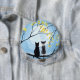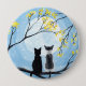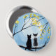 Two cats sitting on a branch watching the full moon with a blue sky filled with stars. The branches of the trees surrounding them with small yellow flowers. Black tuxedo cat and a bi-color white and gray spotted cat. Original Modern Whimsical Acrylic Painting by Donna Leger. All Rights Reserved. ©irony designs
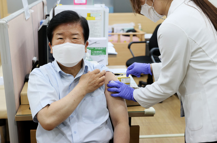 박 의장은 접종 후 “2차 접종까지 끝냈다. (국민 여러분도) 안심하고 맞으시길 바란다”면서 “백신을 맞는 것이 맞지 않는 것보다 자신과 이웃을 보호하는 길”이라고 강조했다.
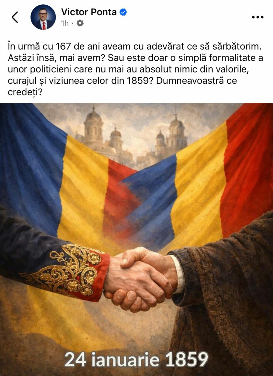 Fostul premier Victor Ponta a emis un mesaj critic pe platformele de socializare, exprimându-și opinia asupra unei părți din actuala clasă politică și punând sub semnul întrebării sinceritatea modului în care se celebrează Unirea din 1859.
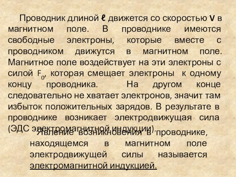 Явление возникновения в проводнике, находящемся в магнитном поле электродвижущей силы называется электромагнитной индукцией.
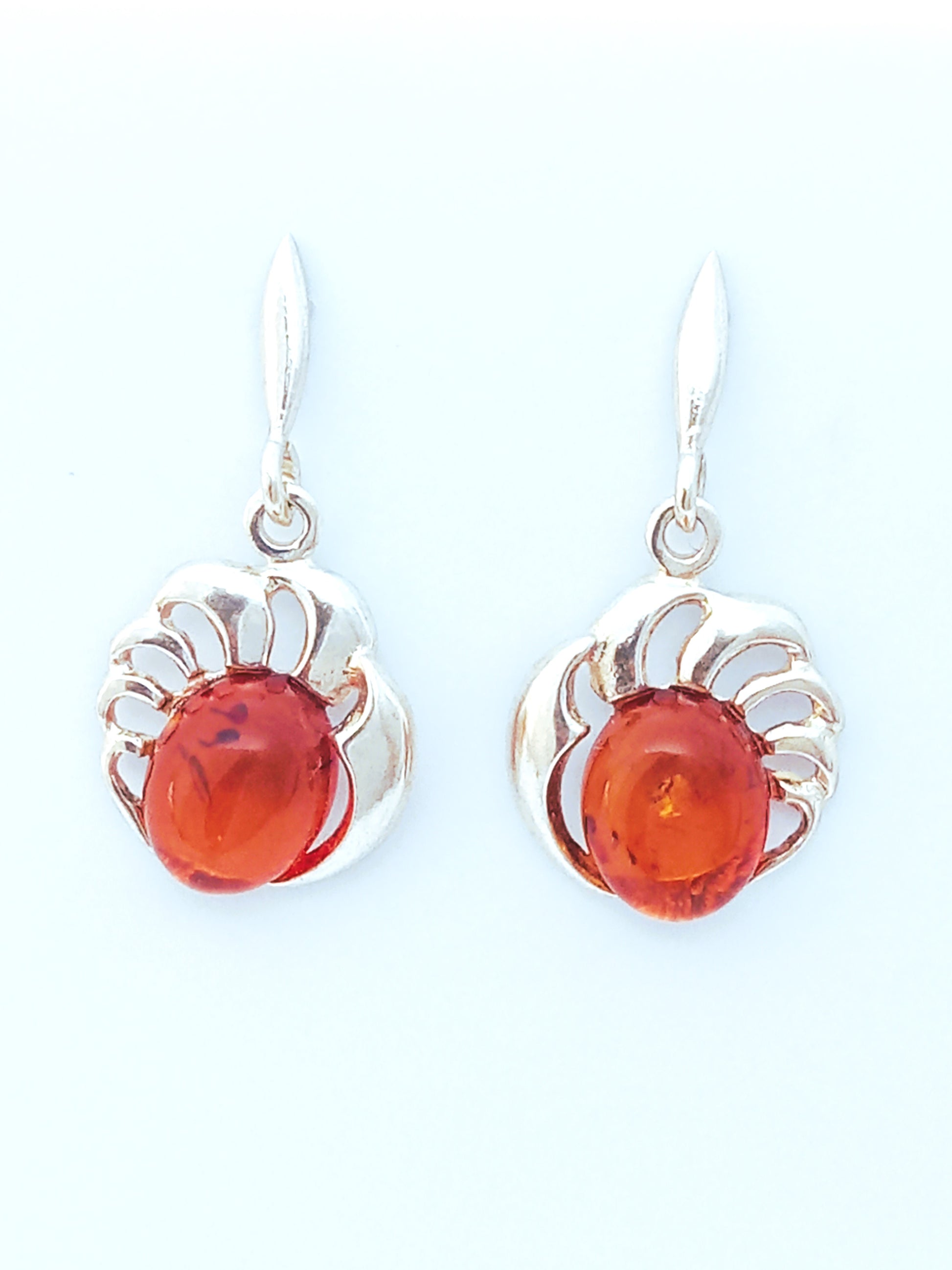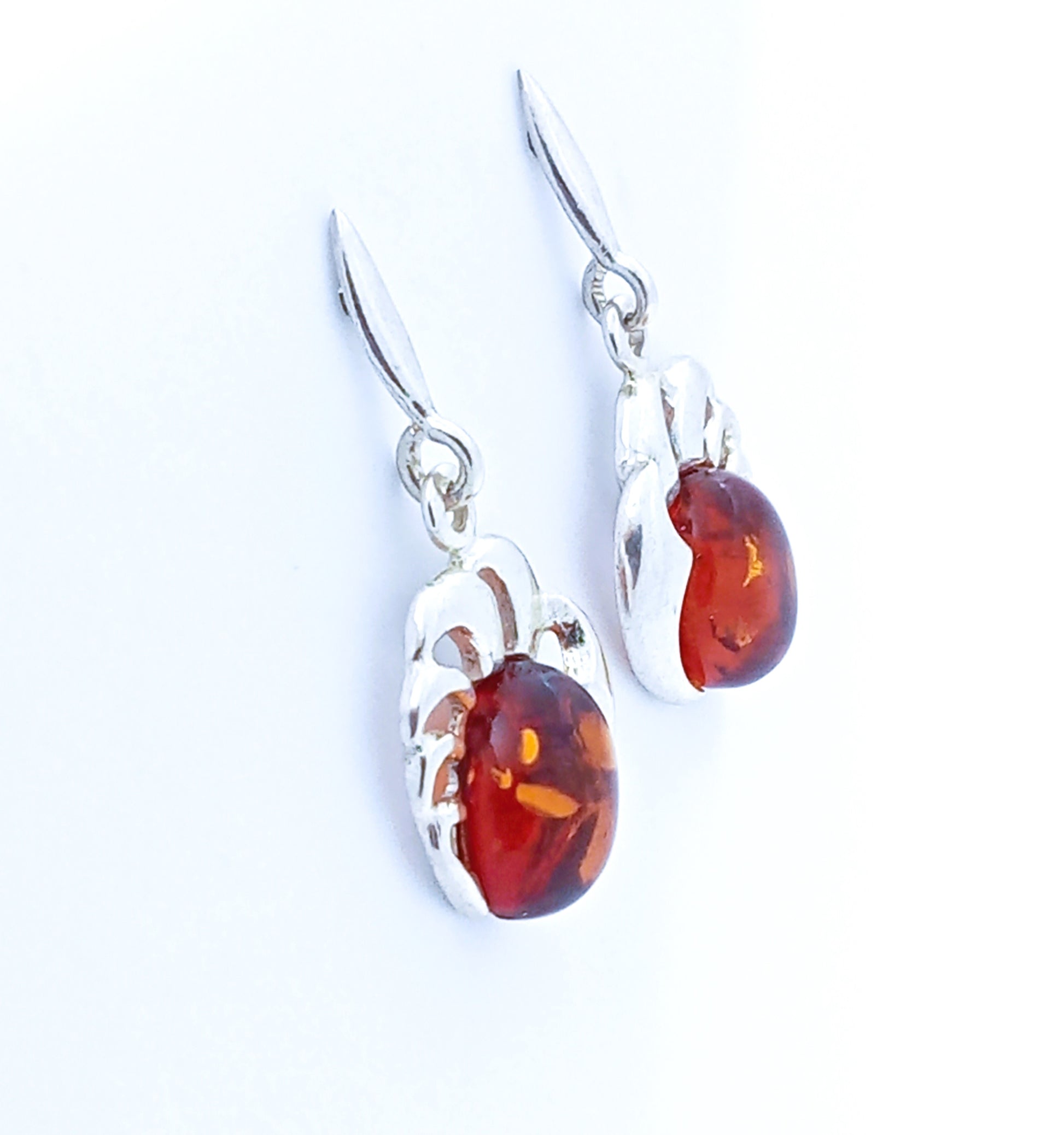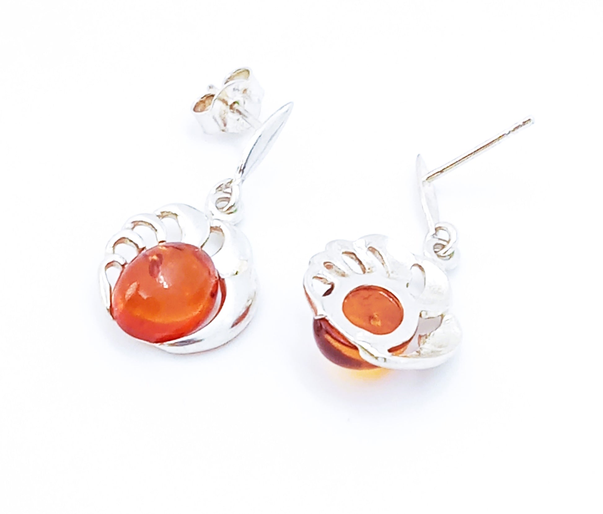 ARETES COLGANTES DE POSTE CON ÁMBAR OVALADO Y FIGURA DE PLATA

**How to complete this task**
All that is needed is the exact run of lines from the start of the material above through the one containing "접종까지 끝냈다. (국민", pictures left out.

**Reply to the exercise**
 Two cats sitting on a branch watching the full moon with a blue sky filled with stars. The branches of the trees surrounding them with small yellow flowers. Black tuxedo cat and a bi-color white and gray spotted cat. Original Modern Whimsical Acrylic Painting by Donna Leger. All Rights Reserved. ©irony designs
 박 의장은 접종 후 “2차 접종까지 끝냈다. (국민 여러분도) 안심하고 맞으시길 바란다”면서 “백신을 맞는 것이 맞지 않는 것보다 자신과 이웃을 보호하는 길”이라고 강조했다.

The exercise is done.